Чистая кровь - Перес-Реверте Артуро (библиотека книг бесплатно без регистрации .txt) 📗
Когда шествие вступило на площадь, капитан стал искать меня взглядом. Однако нашел только после того, как нас по очереди возвели на ступени помоста и рассадили по местам: каждого – меж двух близких, и, надо сказать, нашел не без труда – я ведь головы не поднимал, помост же был, если помните, высок, так что наслаждались зрелищем лишь те, кто сидел в окнах, а прочим ничего толком не было видно. Приговоры еще не оглашались, но Алатристе вздохнул с облегчением, убедившись, что его паж стоит среди несовершеннолетних иудействующих и притом – без колпака: стало быть, по крайней мере, жив останется.
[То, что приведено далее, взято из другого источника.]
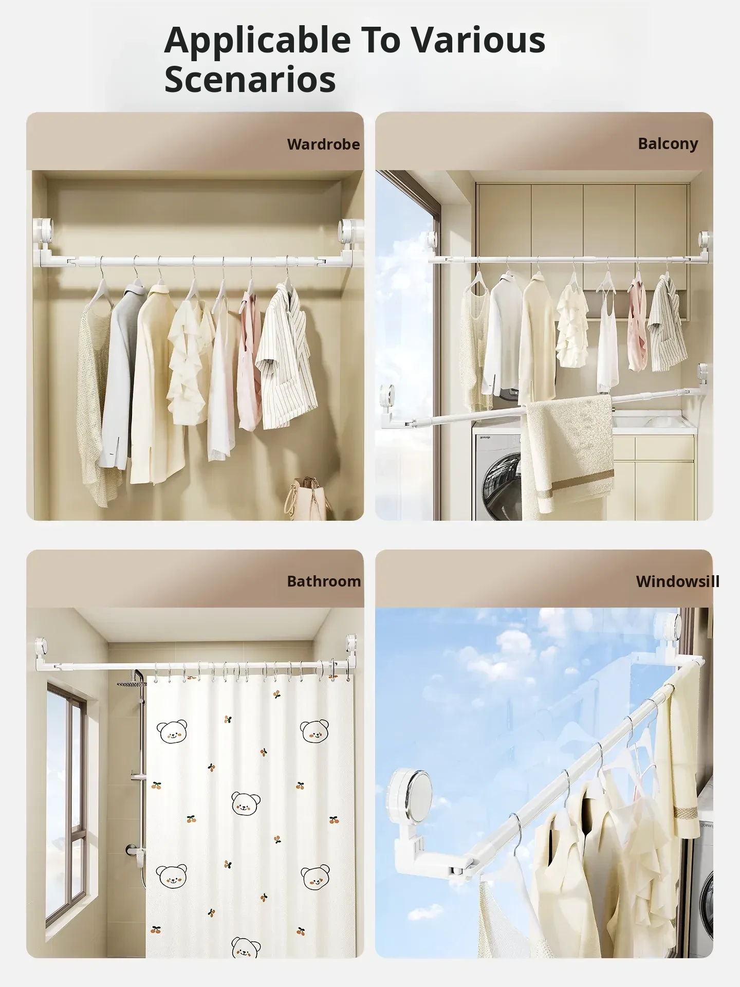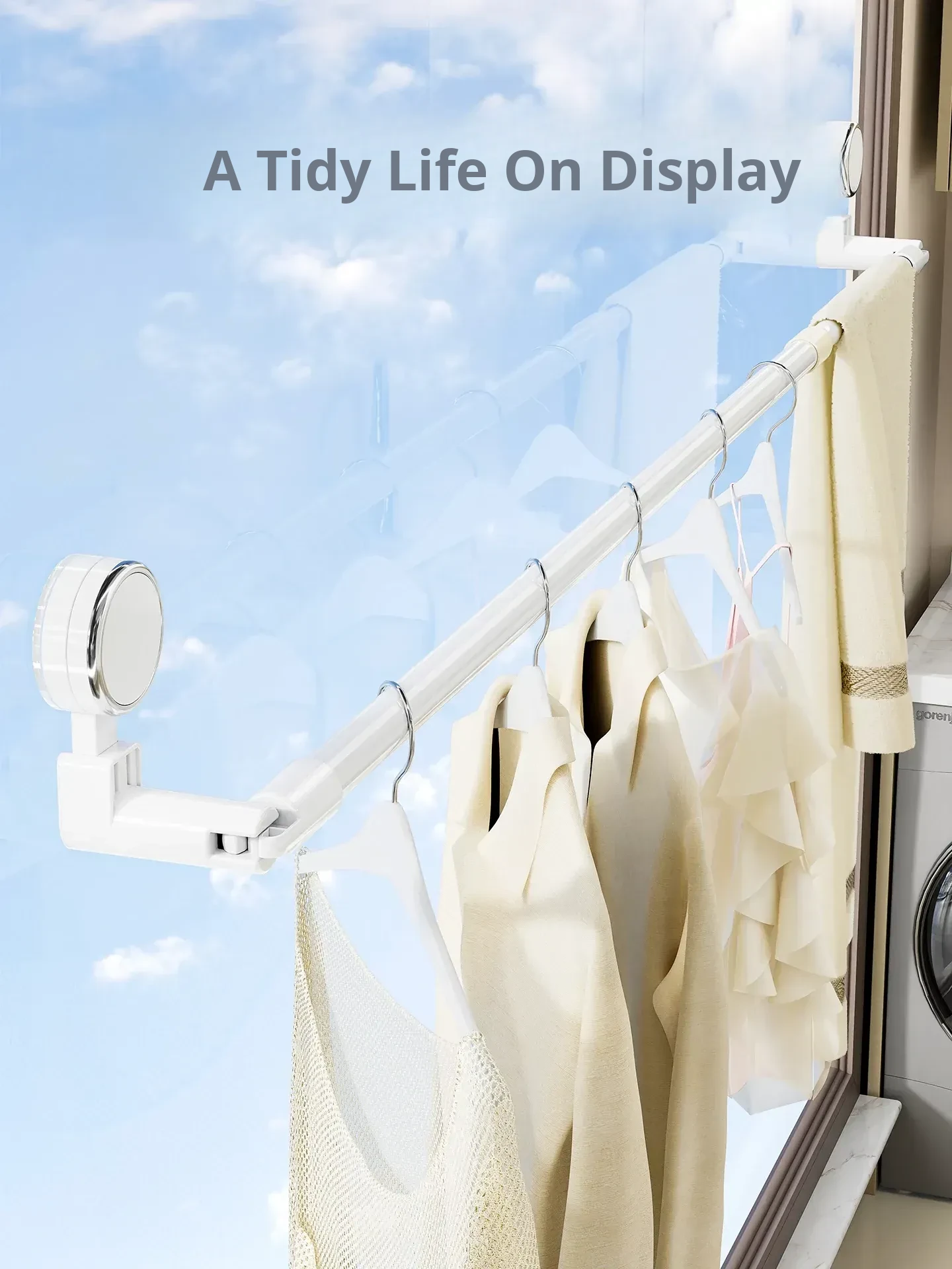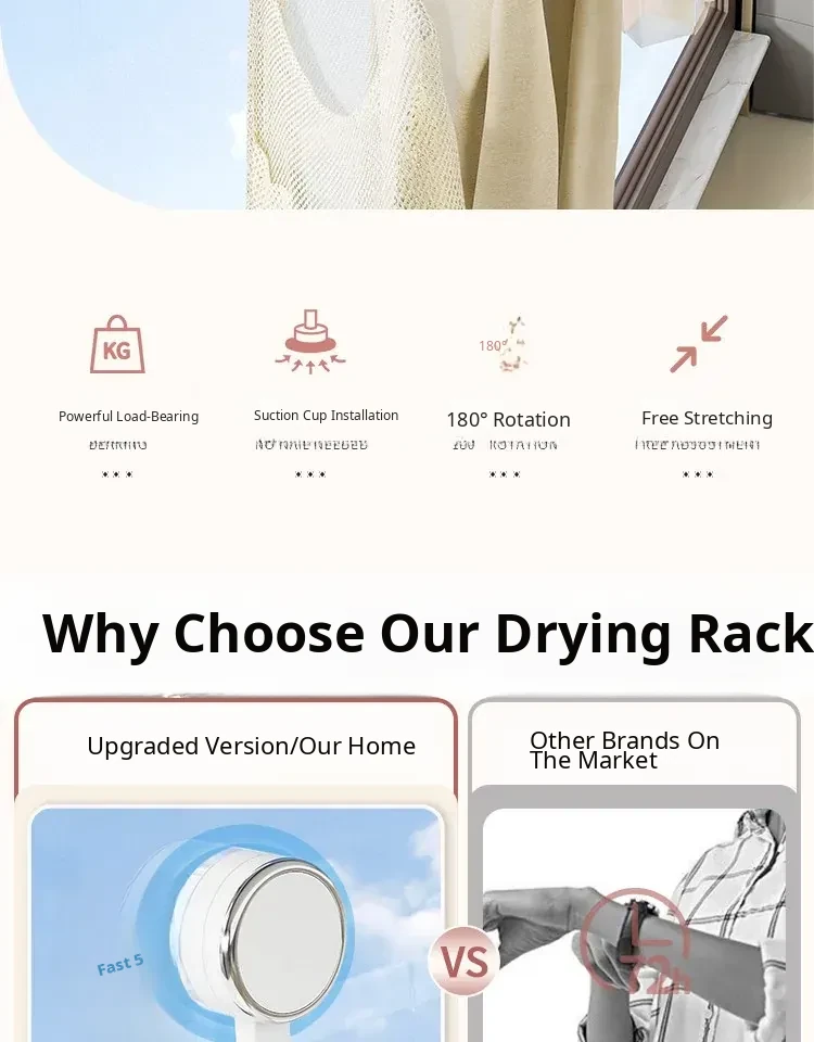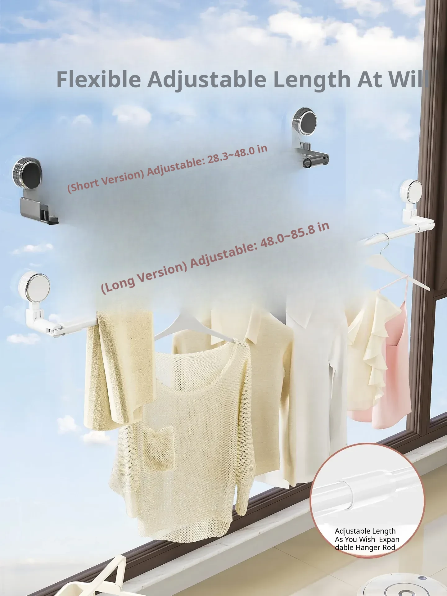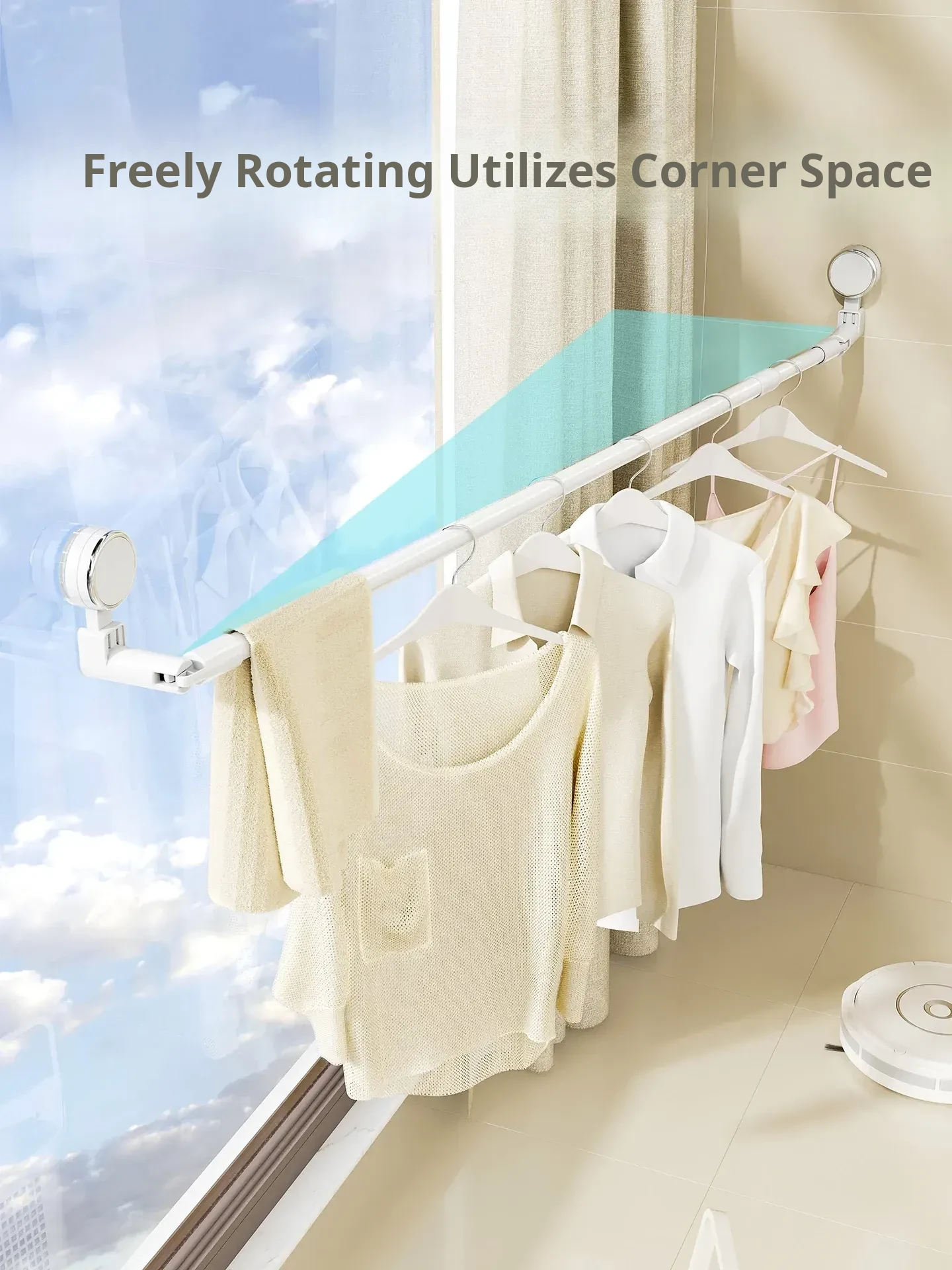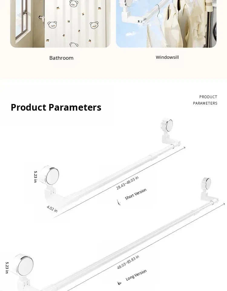 Telescopic Suction Clothes Drying Rack - No Drilling Required, Perfect for Balcony and Window Use, Ideal for Drying Bedding and Clothes, Space-Saving Design for Home Use.

Среди облаченных в траур близких мелькали черно-белые сутаны доминиканцев, игравших тут первую скрипку, тогда как монахи других орденов – за исключением францисканцев, которые отказались явиться на аутодафе, ибо сочли, что им невместно сидеть ниже августинцев – уже заняли места для почетных гостей рядом с алькальдом Дома и Двора, членами советов Кастилии, Арагона, Италии, Португалии, Фландрии и Индий. На скамье, отведенной Высшему Совету шести судей, сидел неподалеку от великого инквизитора падре Эмилио Боканегра, иссохший и зловещий. Это был час его торжества, и, надо полагать, он ликовал в душе, как и Луис де Алькесар, находившийся в ложе для самых высокопоставленных сановников неподалеку от нашего государя, который в этот самый миг клялся защитить святую нашу матерь католическую церковь и преследовать еретиков и вероотступников, посягающих на веру истинную. Был здесь, разумеется, и граф Оливарес: он сидел справа от августейшей четы в ложе, убранной не столь пышно, и вид имел довольно мрачный. Мало кто при дворе не знал, что все это представление затеяно в его честь.
Началось оглашение приговоров. Одного за другим осужденных ставили перед судьями, которые после дотошного перечисления всех преступлений и прегрешений, свершенных этими несчастными, сообщали, какой удел им уготован. Тех, кого приговаривали к отправке на галеры или бичеванию, уводили, тем, кому выносили смертный приговор, связывали руки. С этой минуты назывались они отпущенными, однако никуда их не отпускали, а – поскольку инквизиция, как ведомство духовное, не должна была пролить ни капли крови, – передавали светским властям, а уж тем предстояло привести этот самый приговор в исполнение, но опять же так, чтобы до конца соблюсти вышеуказанное условие не проливать кровь: иными словами – отправить осужденных на костер. Предоставляю вам самим, господа, оценить всю тонкость этой изуверской казуистики – у меня для этого приличных слов нет.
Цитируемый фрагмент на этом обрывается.